Top of Dataset

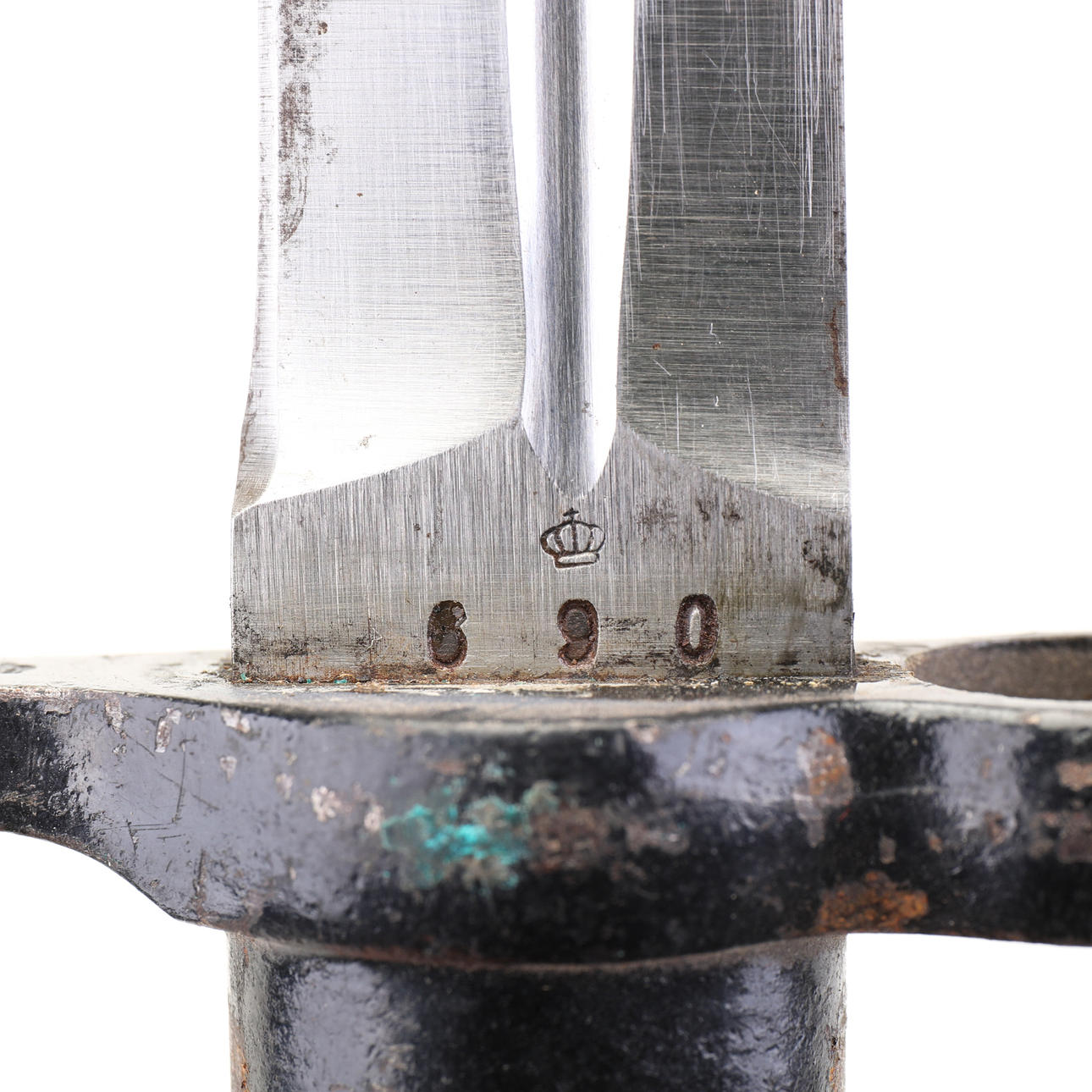 Bajonetten är stämplad med EJ AB samt ett krönt ankare vilket visar att den är tillverkad i Eskilstuna, den är även numrerad med siffrorna 690.
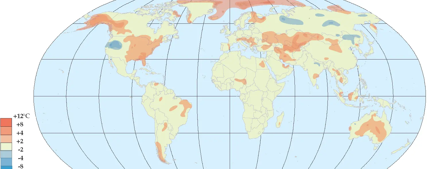 I sydvästra Kanada och östra USA var det 2-5 grader varmare än normalt och i Alaska upp till 7 grader varmare. För södra Floridas del var det en av de tio varmaste januarimånaderna som någonsin uppmätts och i Miami var det den fjärde varmaste.
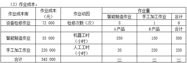 目前,A产品供不应求,B产品滞销。公司销售经理建议A提价,B降价,以提高公司获利能力。生产经理认为制造费用大部分由智能制造设备引起,按直接人工工资比例分配导致A、B产品成本计算不准确,应采用作业成本法对制造费用分配进行优化,从而为调价提供可靠的成本数据。公司财务部门和生产技术部门对生产过程进行了分析,识别出三项作业,分别是设备检修作业、智能制造作业和手工加工作业。设备检修作业负责对智能制造设备、手工加工设备进行检修,作业动因是检修次数;智能制造作业的作业动因是机器工时;手工加工作业的作业动因是人工工时。直接人工成本不再单列成本项目,被归入相应作业库。相关资料如下:
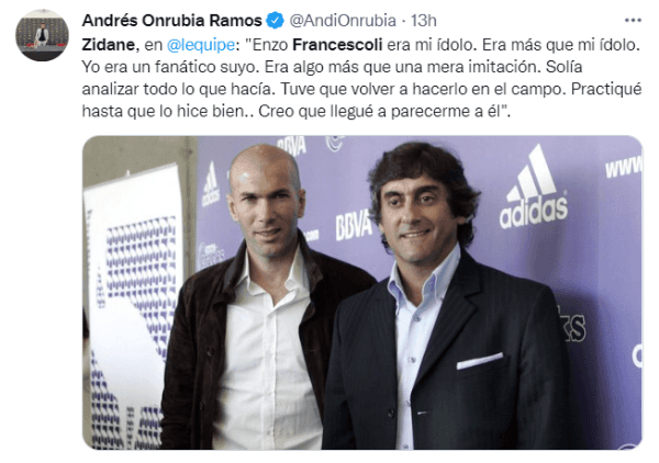 El presente los encuentra en el mundo del fútbol, pero fuera de la cancha. “Después nos hicimos amigos de Enzo. Comimos varias veces juntos en Madrid y nos mantenemos en contacto, incluso si él está muy ocupado”, contó Zizou sobre la actual relación que mantiene con su ídolo, hoy secretario técnico de River Plate. Un verdadero sueño cumplido.
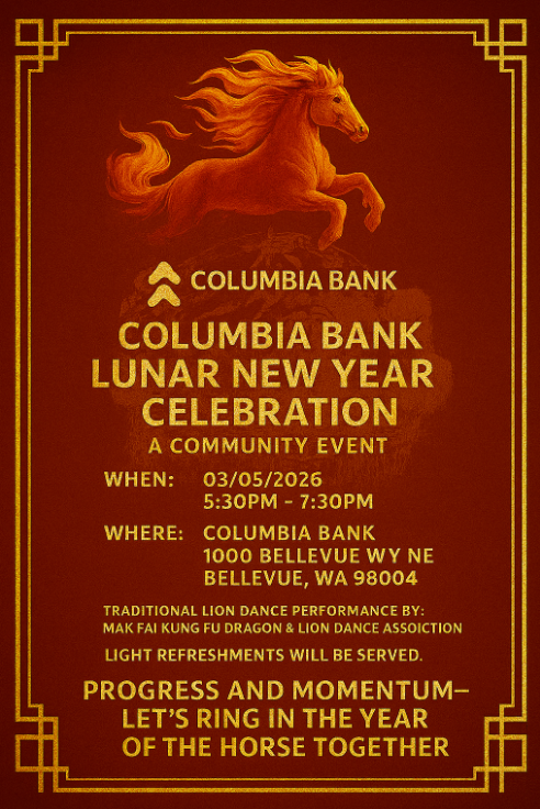 | 3/5/2026 | Back by popular demand, join Columbia Bank in this year's Lunar New Year celebration. This is a wonderful community event where family and friends are more than welcome to join in on the celebration. There will be a traditional lion dance performance by Mai Fai Kung Fu Dragon & Lion Dance Association. Light refreshments will be served. Let's come together to celebrate this joyous occasion with great food and traditional lion dance performances! To register, please make sure to email Tommy Wang at TommyWang@ColumbiaBank.com. more info... |
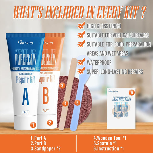 Porcelain Repair Kit White, Sink & Tub Repair Kit to Quickly Fix Tub Chips and Sink Cracks with High Bond Strength, Porcelain Sink Repair Kit for Tub, Tile, Sink and Toilet(Ivory White)
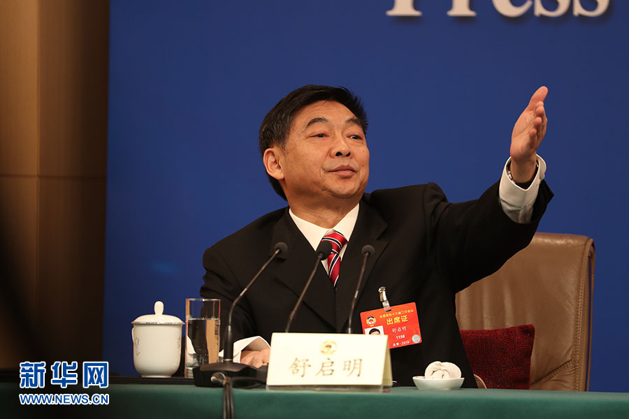 全國(guó)政協(xié)十三屆二次會(huì)議3月5日15:00在梅地亞中心多功能廳舉行記者會(huì),邀請(qǐng)5位全國(guó)政協(xié)委員就“打贏防范化解重大風(fēng)險(xiǎn)、精準(zhǔn)脫貧、污染防治三大攻堅(jiān)戰(zhàn)”回答記者提問(wèn)。圖為主持人舒啟明。新華網(wǎng)/中國(guó)政府網(wǎng) 陳杰 攝
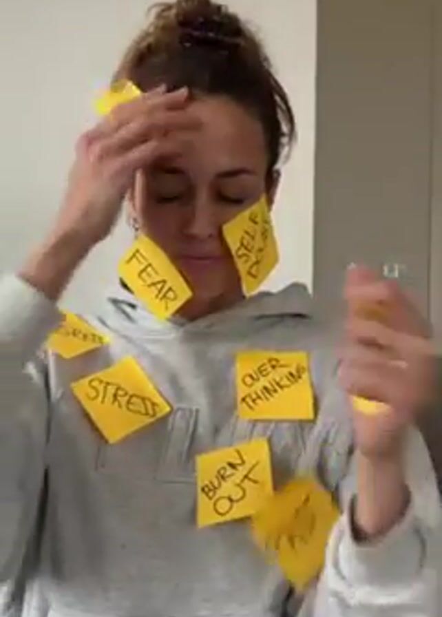 A woman is shown in a casual indoor setting. She has light-brown hair pulled back into a messy bun and wears a grey hoodie. Initially, multiple yellow sticky notes, each with a negative word like "Guilt," "Fear," "Self Doubt," "Regrets," "Stress," "Overthinking," and "Burn Out," are stuck to her face and chest. She removes the sticky notes, crumples them into a ball, and throws them upwards, smiling, as if releasing those feelings.

Bottom of Dataset

About this exercise: Leaving out every picture, transcribe exactly the lines from the line that contains "more info... |" through the final line of the entries above.

Written answer:
 | 3/5/2026 | Back by popular demand, join Columbia Bank in this year's Lunar New Year celebration. This is a wonderful community event where family and friends are more than welcome to join in on the celebration. There will be a traditional lion dance performance by Mai Fai Kung Fu Dragon & Lion Dance Association. Light refreshments will be served. Let's come together to celebrate this joyous occasion with great food and traditional lion dance performances! To register, please make sure to email Tommy Wang at TommyWang@ColumbiaBank.com. more info... |
 Porcelain Repair Kit White, Sink & Tub Repair Kit to Quickly Fix Tub Chips and Sink Cracks with High Bond Strength, Porcelain Sink Repair Kit for Tub, Tile, Sink and Toilet(Ivory White)
 全國(guó)政協(xié)十三屆二次會(huì)議3月5日15:00在梅地亞中心多功能廳舉行記者會(huì),邀請(qǐng)5位全國(guó)政協(xié)委員就“打贏防范化解重大風(fēng)險(xiǎn)、精準(zhǔn)脫貧、污染防治三大攻堅(jiān)戰(zhàn)”回答記者提問(wèn)。圖為主持人舒啟明。新華網(wǎng)/中國(guó)政府網(wǎng) 陳杰 攝
 A woman is shown in a casual indoor setting. She has light-brown hair pulled back into a messy bun and wears a grey hoodie. Initially, multiple yellow sticky notes, each with a negative word like "Guilt," "Fear," "Self Doubt," "Regrets," "Stress," "Overthinking," and "Burn Out," are stuck to her face and chest. She removes the sticky notes, crumples them into a ball, and throws them upwards, smiling, as if releasing those feelings.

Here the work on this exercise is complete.